For men with mixed germ cell tumors, an increased presence of choriocarcinoma cells indicates a worse prognosis. Pure choriocarcinomas mark the worst prognosis in testicular germ cell neoplasms. Also, an hCG level greater than 50,000 mIU/ml signals a worse prognosis in men.
The prognosis for intra-placental choriocarcinoma, a cancer that starts inside the placenta and spreads to the infant, is particularly serious. Less than 20% of cases survive.
Possible Complications When Diagnosed with Choriocarcinoma
Choriocarcinoma, if left untreated, could lead to death. However, the introduction of chemotherapy has allowed many patients to successfully treat and even cure their disease. Despite its potential benefits, chemotherapy does come with several risks. These can include developing other types of cancer, feeling nauseous, vomiting, losing hair, getting diarrhea, experiencing fevers and infections, and needing a blood transfusion.

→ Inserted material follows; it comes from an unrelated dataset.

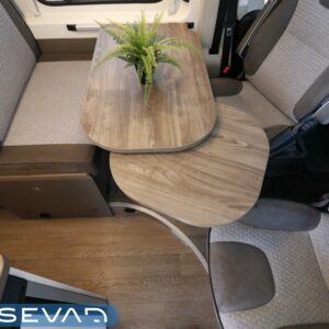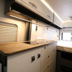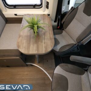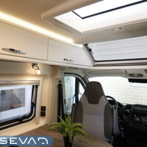 Todella tyylikäs automaattivaihteinen retkeilyauto. Etuosassa avara istuinryhmä, jonka yläpuolella oleva panoraamaikkuna tuo valoa ja tilan tuntua. Keskiosassa keittiö sekä kylpyhuone suihkuvarustuksella ja perässä leveä parivuode poikittain. Vuoteen alla on monikäyttöinen laajennettavissa oleva tavaratila. Kokonaisuuden kruunaavat markiisi sekä multimedialaite, josta löytyy niin peruutuskameraa kuin Apple Carplayta ja Android Autoa.
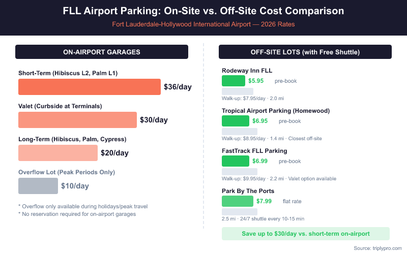 - Off-site lots start from $7.95/day — all include free shuttle service to FLL terminals

Potential Risks of Chemotherapy:
- Development of other types of cancer
- Nausea
- Vomiting
- Hair loss
- Diarrhea
- Fevers
- Infections
- Need for a blood transfusion
Preventing Choriocarcinoma
Women who go through a molar pregnancy, be it full or partial, need to be made aware of the potential risk of developing a type of cancer called choriocarcinoma. It’s crucial for these women to be monitored closely, watching out for changes in their hCG levels – a kind of hormone. Every woman, especially those at higher risk, who has recently given birth, should be advised to return for checks if she continues to experience bleeding even after childbirth.